Cook Time: 29 minutes

Yield: 4 servings

Ingredients Directions
  • omnivore

Cook Time: 29 minutes

Yield: 4 servings

Ingredients Directions

Ingredients

  • 4 to 5 large Nellie's Free Range Eggs
  • Salt and freshly ground black pepper
  • Olive oil for cooking
  • 4 to 5 cloves garlic, minced and divided
  • 1 bunch collard greens, thinly chopped after stems removed (or substitute kale)
  • 1 large white onion, sliced thinly
  • 1 pound chicken sausages, sliced into thin rounds (optional)
  • 1 15-ounce can pinto beans, rinsed and drained
  • 2 bay leaves
  • 1 handful each parsley and green onions for garnish, chopped finely
  • 2-4 cups cooked white rice

Say "Ola" to this amazing hash! 

The affordable and readily available ingredients in this recipe make it easy to prepare on the go, and it's a huge hit with with kids and adults alike!

Directions

  1. Whisk the eggs, adding desired amount of salt and pepper. Cook in a skillet with olive oil over medium heat, stirring lightly and constantly, until scrambled.
  2. In a pan over medium high heat, add in a few splashes of oil and 3 cloves of minced garlic.
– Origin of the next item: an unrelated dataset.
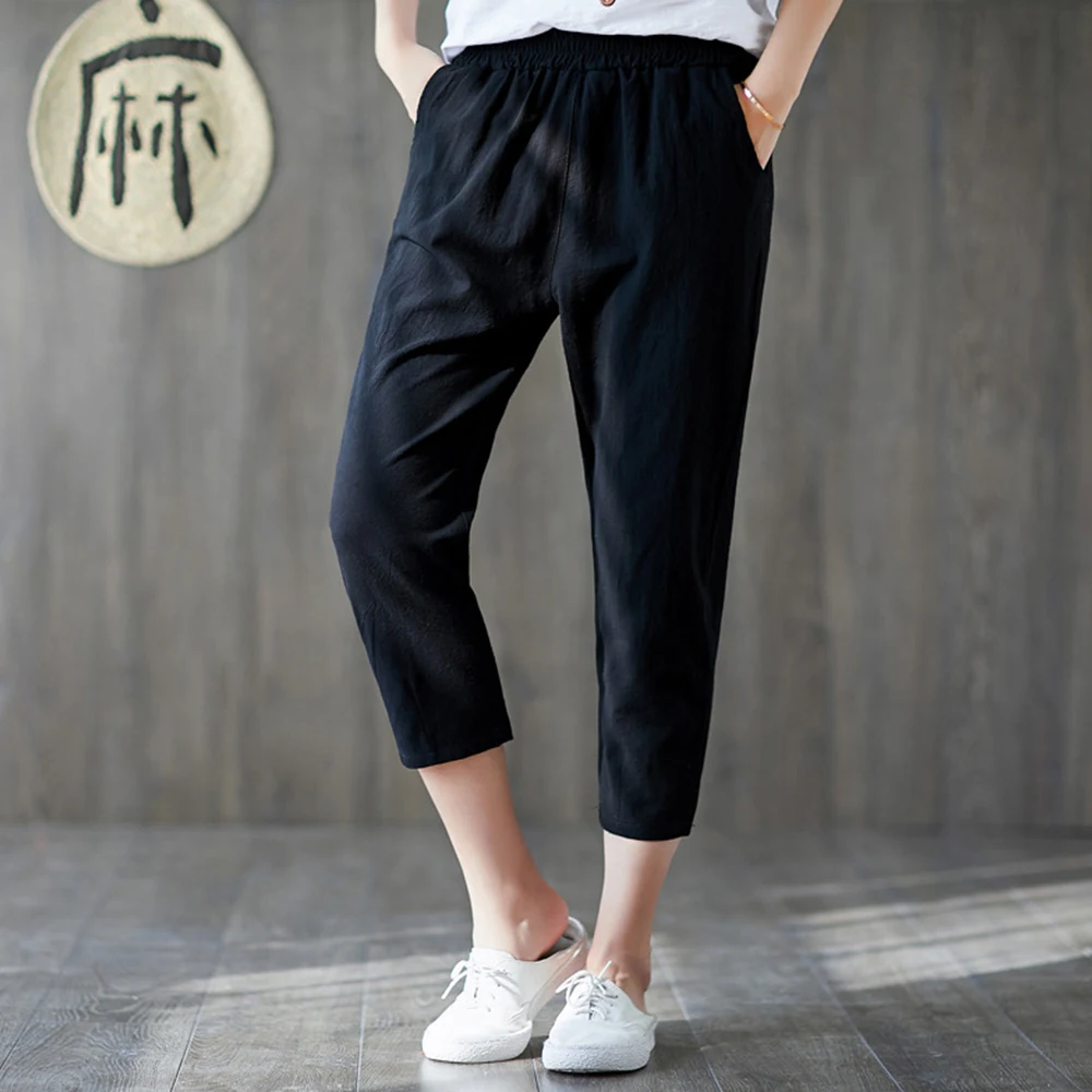 Брюки женские летние из хлопка и льна, свободные, с высокой талией,...

Stir frequently until garlic starts to change color. Add collard greens and additional salt and pepper, then sauté with garlic until greens have cooked down. Transfer mixture to a bowl and set aside.
  3. In the same pan, add oil and onions, then sauté until onions are translucent. Add in the chicken sausage, if using, and stir-fry the mixture. After a few more minutes, add in the remaining 1 to 2 cloves minced garlic and cook until fragrant.
  4. Add beans and bay leaves to the pan and mix around for a minute, then add the eggs and collard mixture and gently stir to combine. If needed, season with another pinch of salt and pepper.
  5. Remove scramble from pan, top with your favorite herb garnish, and serve over rice.